In some missions for instance you are asked to follow a lead truck while you may complete side-quests in others for extra points.

Newsmator

Newsmator is a feed reading application that ships with a selection of feeds from popular newspapers and options to add custom RSS feeds to it.

The main menu lists articles from all feeds that you have added to the application. You may read articles right away or save them to the read later list instead.

Other features include a history to re-read articles, and an option to add articles to the favorites for safe keeping.

Try Windows 10

try-windows10

This is a training application for new Windows 10 users that offers videos for a number of "how-to" topics.

Topics include getting apps, managing photos, browsing the web or personalizing the PC.

Some topics offer more than one video.

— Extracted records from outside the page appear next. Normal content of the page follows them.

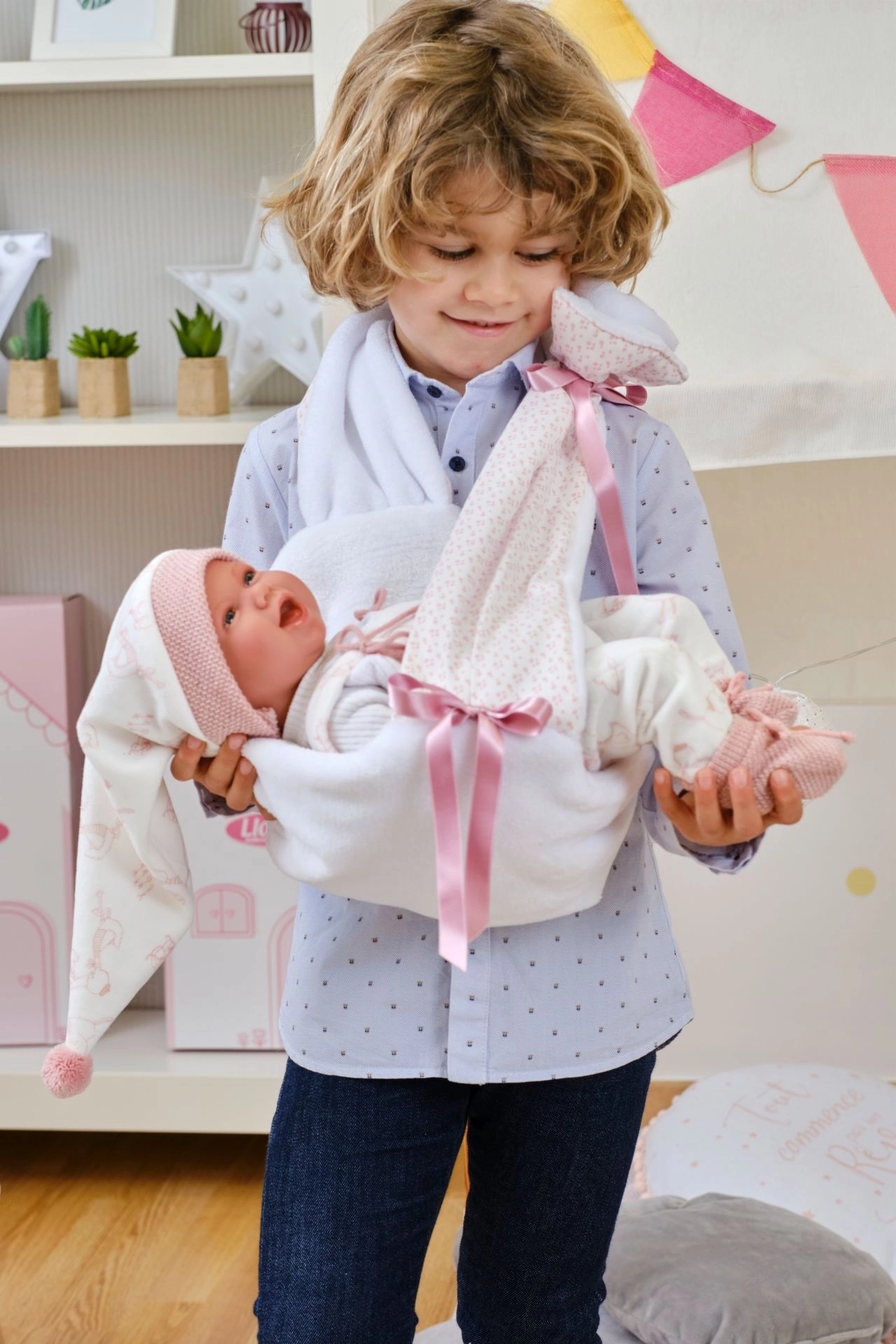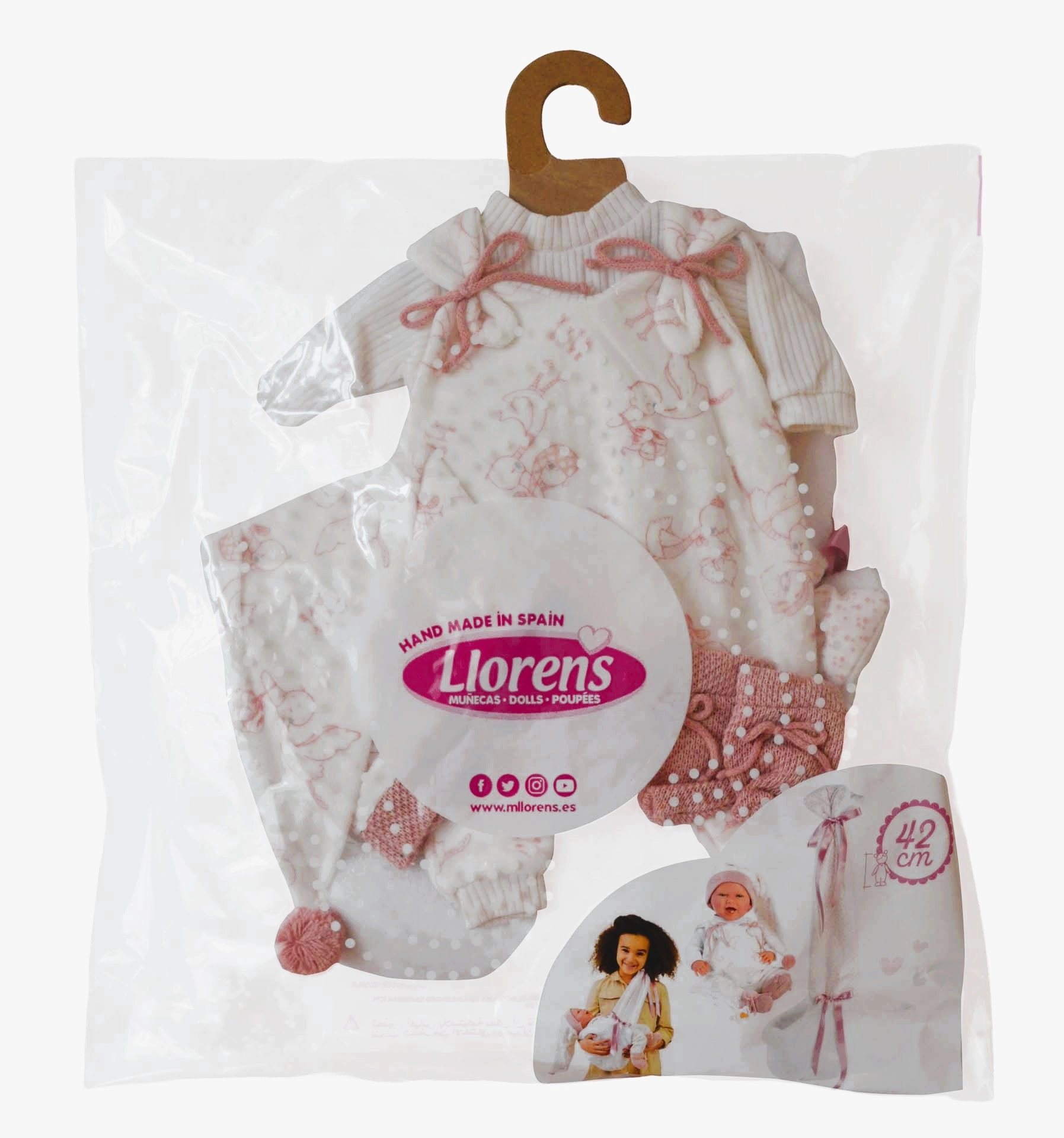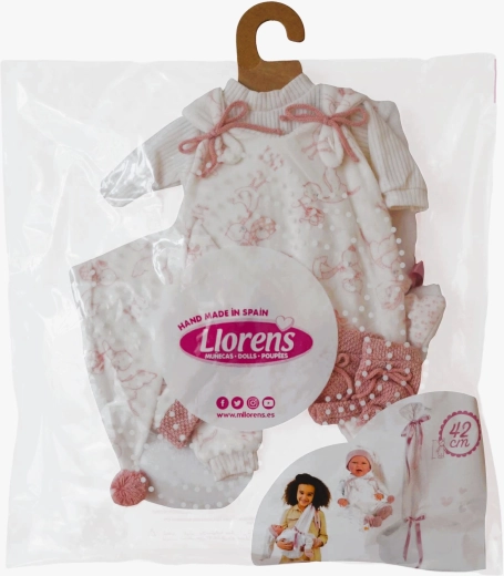 Le set est fabriqué à la main en Espagne et conçu pour les poupées Llorens NEW BORN de 40–42 cm. Grâce à une confection de qualité et à des détails — tels que petits nœuds, bords côtes ou chaussons tricotés — les tenues paraissent réalistes et élégantes. Parfait pour développer la motricité fine, l’empathie et l’imagination des enfants.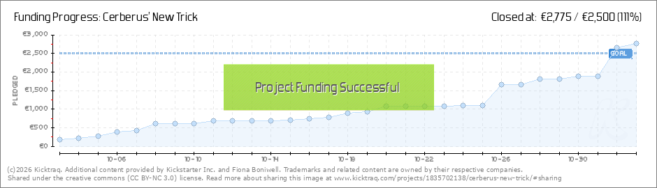 Hi Folks, So Brendan and I are into the final week of our Kickstarter for Cerberus' New Trick and we are delighted to say that we are now 67% funded. Thank you so much for your support of this project. Whether through backing or sharing our... (Read More)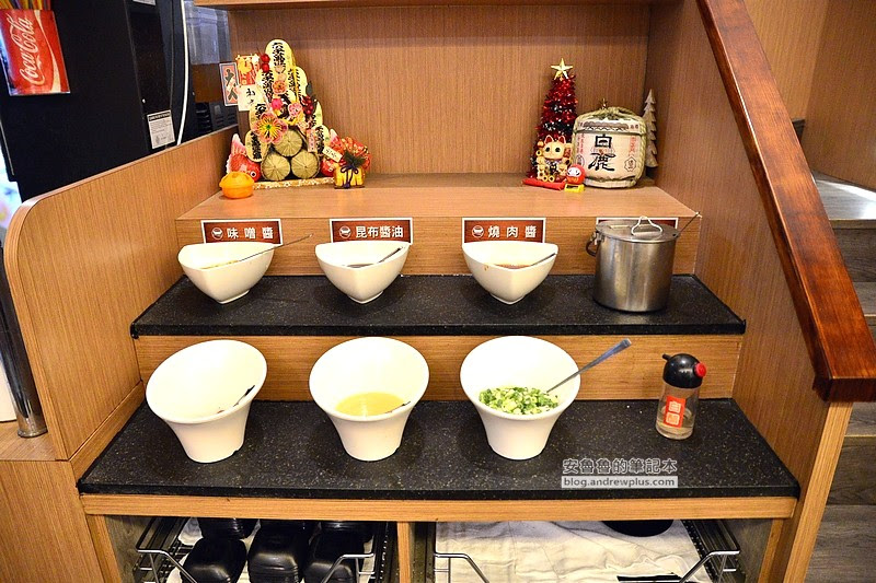 一二樓都有醬料的自助區,提供了味增醬、昆布醬油和燒肉醬等三種醬料、另外還有大蒜、輕鬆等可自行調配組合,不過安魯魯吃燒肉不太愛沾醬,通常都是沾點鹽吃吃原味,在醬料區的下方則是小碗和醬料碟
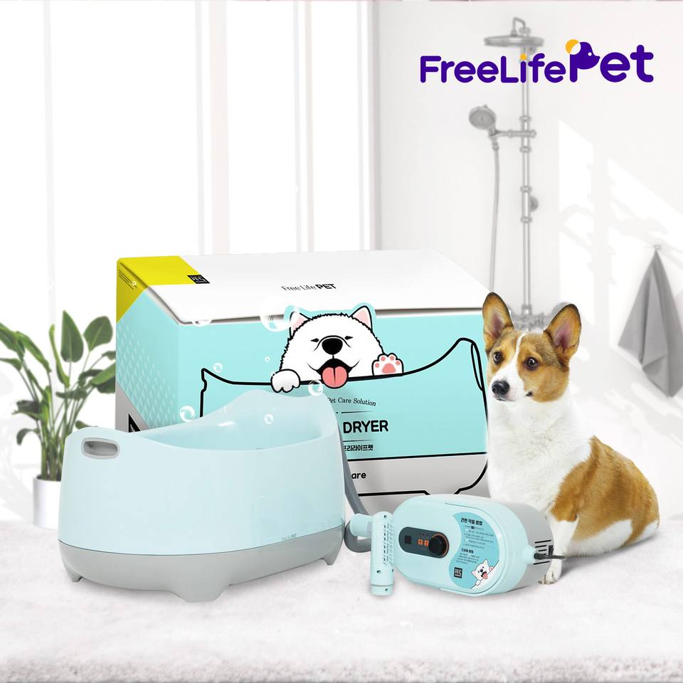 FreeLife Plastic Soft Dog Spa Bath Tub with Bubble Massage Dryer-All-in-One Pet Bathing System for Small Dogs Home Grooming

The browse the web topic for instance lists "search the web quickly" and "read articles distraction-free" as topics.

YuppTV - Live TV, Catch-up, Movies

yupp

The subscription-based service lets you watch South Asian TV channels from anywhere in the world.

It offers live TV, options to replay shows of the past ten days, and access to a selection of movies.

ZUUS Universal

zuus

ZUUS calls itself the "Pandora of music videos". It offers more than 500 channels of non-stop music videos that you can watch for free using the application.

You may tune in to programmed playlists, festivals, or watch music by artists or genres you are interested in.

Halloween Special

Here is a short selection of apps and games for Halloween.

Notable updates

Shazaam has been rebuild for Windows 10. It features Cortana support, a new song page offering lyrics, videos and recommendations, a news feed based on artists that you have discovered using the application, a new lyrics play mode to sing along, and improved accuracy when detecting songs.